Selling people on this idea won’t be easy, given the poor track record on this front. Take the Department of Homeland Security (DHS), created by George W. Bush after 9/11 and generally seen by experts as something of a disaster. An agglomeration of twenty-two already-existing federal agencies, from the Federal Emergency Management Agency to the Border Patrol, the new department has struggled for years to define its mission and coordinate its constituent parts. And while it has made efforts to improve in recent years, the DHS still has the lowest morale of any federal department and remains on the Government Accountability Office’s list of “high-risk” agencies, vulnerable to fraud, waste, abuse, and mismanagement.

Or, consider Jimmy Carter’s creation of the Department of Energy in 1977, another troubled reorganization in which widely different government functions (developing advanced weaponry, regulating interstate electricity sales) were placed in a single entity with conflicting and ever-changing missions (promoting nuclear energy, cleaning up nuclear waste sites, sharing scientific knowledge, keeping national security secrets, and so on).

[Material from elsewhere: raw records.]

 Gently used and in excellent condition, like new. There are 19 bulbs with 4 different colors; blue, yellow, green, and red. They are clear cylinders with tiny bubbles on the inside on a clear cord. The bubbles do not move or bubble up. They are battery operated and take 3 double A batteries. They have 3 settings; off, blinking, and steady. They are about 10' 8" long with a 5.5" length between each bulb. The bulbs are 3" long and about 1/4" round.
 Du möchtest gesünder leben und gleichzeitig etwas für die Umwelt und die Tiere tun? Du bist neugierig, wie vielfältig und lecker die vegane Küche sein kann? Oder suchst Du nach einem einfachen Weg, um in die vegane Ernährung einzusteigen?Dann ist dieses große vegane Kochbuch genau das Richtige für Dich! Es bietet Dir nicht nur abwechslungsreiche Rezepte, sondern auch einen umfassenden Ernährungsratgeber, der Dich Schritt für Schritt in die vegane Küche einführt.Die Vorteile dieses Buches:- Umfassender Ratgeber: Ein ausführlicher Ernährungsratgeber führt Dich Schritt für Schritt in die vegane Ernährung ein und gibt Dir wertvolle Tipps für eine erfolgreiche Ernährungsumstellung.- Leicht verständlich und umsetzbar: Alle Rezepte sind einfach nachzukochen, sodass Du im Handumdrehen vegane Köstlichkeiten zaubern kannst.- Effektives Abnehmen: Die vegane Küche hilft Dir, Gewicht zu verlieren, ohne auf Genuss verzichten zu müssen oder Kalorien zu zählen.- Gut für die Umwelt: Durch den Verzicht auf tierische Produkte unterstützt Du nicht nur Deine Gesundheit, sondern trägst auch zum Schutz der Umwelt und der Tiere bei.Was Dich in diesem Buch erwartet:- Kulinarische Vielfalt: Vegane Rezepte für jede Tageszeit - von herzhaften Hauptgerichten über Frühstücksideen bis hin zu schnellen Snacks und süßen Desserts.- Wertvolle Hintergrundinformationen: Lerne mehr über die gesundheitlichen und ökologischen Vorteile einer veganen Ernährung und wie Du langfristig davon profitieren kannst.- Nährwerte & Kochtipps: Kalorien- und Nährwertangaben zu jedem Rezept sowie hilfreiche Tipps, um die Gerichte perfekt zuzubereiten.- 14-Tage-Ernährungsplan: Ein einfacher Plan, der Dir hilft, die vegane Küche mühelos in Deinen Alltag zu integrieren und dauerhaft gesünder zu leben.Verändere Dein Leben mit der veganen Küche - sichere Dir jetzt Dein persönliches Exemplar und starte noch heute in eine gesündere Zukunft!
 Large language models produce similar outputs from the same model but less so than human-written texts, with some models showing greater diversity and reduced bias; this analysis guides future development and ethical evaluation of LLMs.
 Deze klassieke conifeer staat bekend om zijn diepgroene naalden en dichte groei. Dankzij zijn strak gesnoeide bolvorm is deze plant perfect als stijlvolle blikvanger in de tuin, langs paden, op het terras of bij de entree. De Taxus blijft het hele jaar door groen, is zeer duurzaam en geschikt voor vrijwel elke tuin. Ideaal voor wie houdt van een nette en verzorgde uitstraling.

So yes, it’s true that some big government reorganizations have gone poorly. But it’s also true that others have gone quite well. Lyndon Johnson’s establishment of the Department of Transportation in 1966, for example, has long been considered successful at bringing numerous far-flung agencies, from the Federal Aviation Administration to the St. Lawrence Seaway Development Corporation, under one roof and providing some semblance of a coordinated national transportation policy. The Goldwater-Nichols Department of Defense Reorganization Act, signed by Ronald Reagan in 1986, is widely lauded for having reduced inter-service rivalries in the Pentagon. Another success is Bill Clinton’s creation of the Corporation for National and Community Service (CNCS) in the early 1990s. (I played a small role in that work as a consultant and adviser to the senior leaders of the agency.) By merging the nascent AmeriCorps national service program with existing service programs like VISTA, the CNCS has led to a true national service movement, one in which hundreds of thousands of individuals have participated in everything from tutoring at-risk students to helping communities rebuild from natural disasters.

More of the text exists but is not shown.